Let $\ell$ be a strictly positive integer. Let $F$ be a closed subset of $\mathbb { R } ^ { \ell }$ and let $\phi : F \rightarrow F$ be a map. We assume that there exists $k \in [ 0,1 [$ such that $$\forall x \in F , \quad \forall y \in F , \quad \| \phi ( y ) - \phi ( x ) \| \leqslant k \| y - x \| .$$ (a) We choose a point $x _ { 0 } \in F$. Show that the formula $x _ { n + 1 } = \phi \left( x _ { n } \right)$ defines a sequence $\left( x _ { n } \right) _ { n \geqslant 0 }$ of elements of $F$, and that this sequence is convergent in $F$.

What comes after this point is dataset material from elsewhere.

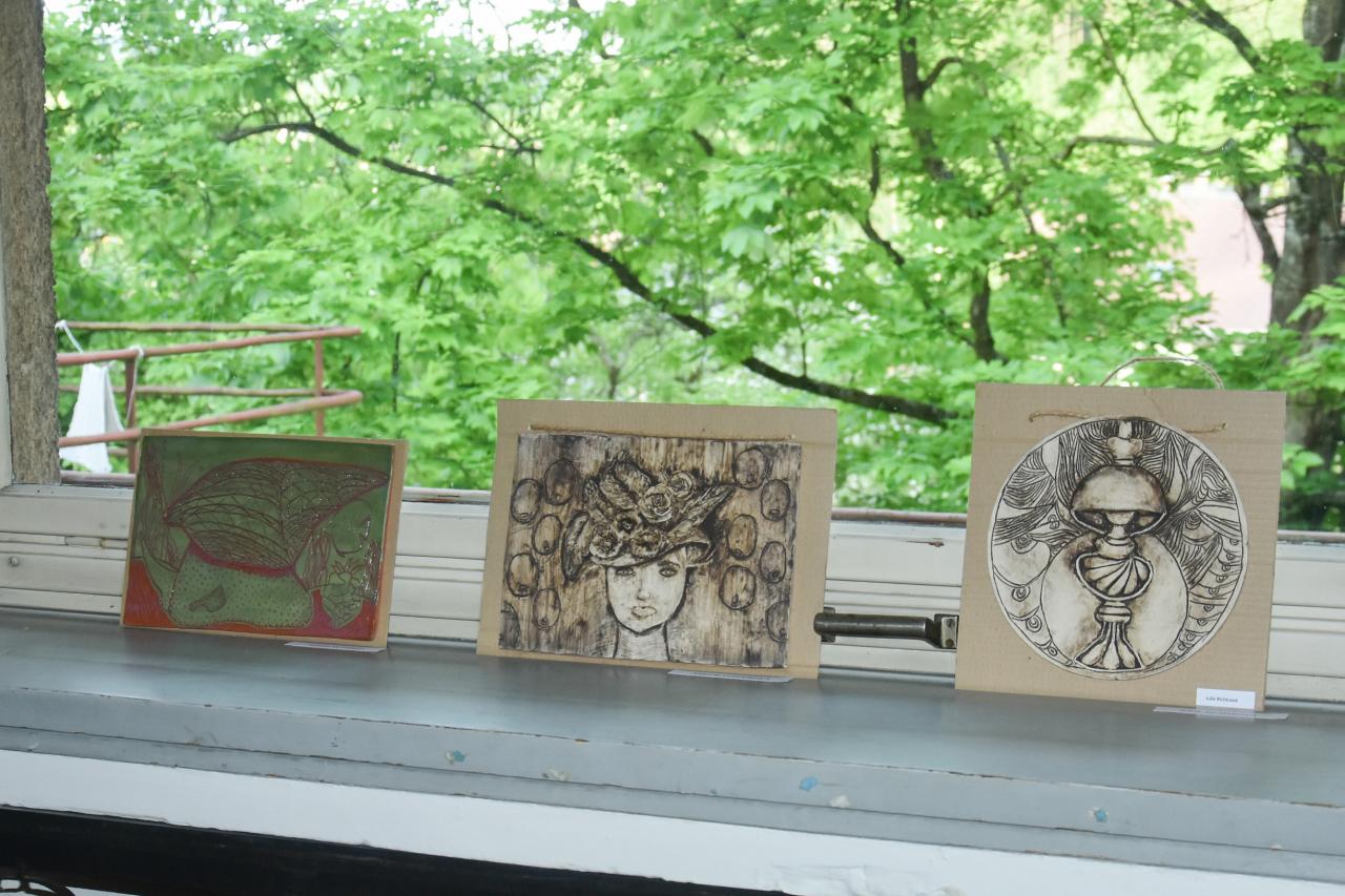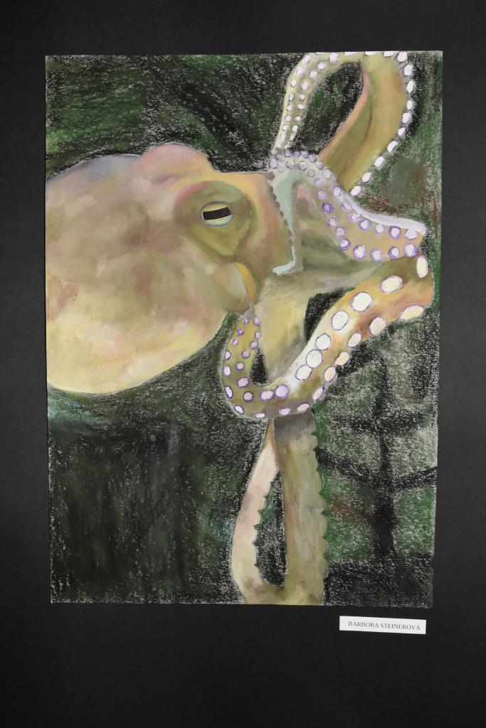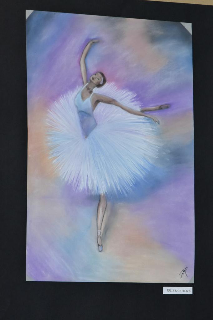 Fotografie z výstavy absolventských i jiných prací žáků výtvarného oboru v hlavní budově školy.

(b) Deduce that $\phi$ has a unique fixed point in $F$.
(c) This fixed point being denoted $x ^ { * }$, bound $\left\| x _ { n } - x ^ { * } \right\|$ as a function of $\left\| x _ { 0 } - x ^ { * } \right\|$.
(d) In what precedes, we assume that $$\phi = \underbrace { \theta \circ \cdots \circ \theta } _ { m \text { times } } ,$$ where $\theta : F \rightarrow F$ is a map and $m \geqslant 2$ is an integer. Show that $\theta$ has a fixed point, and a unique one, in $F$.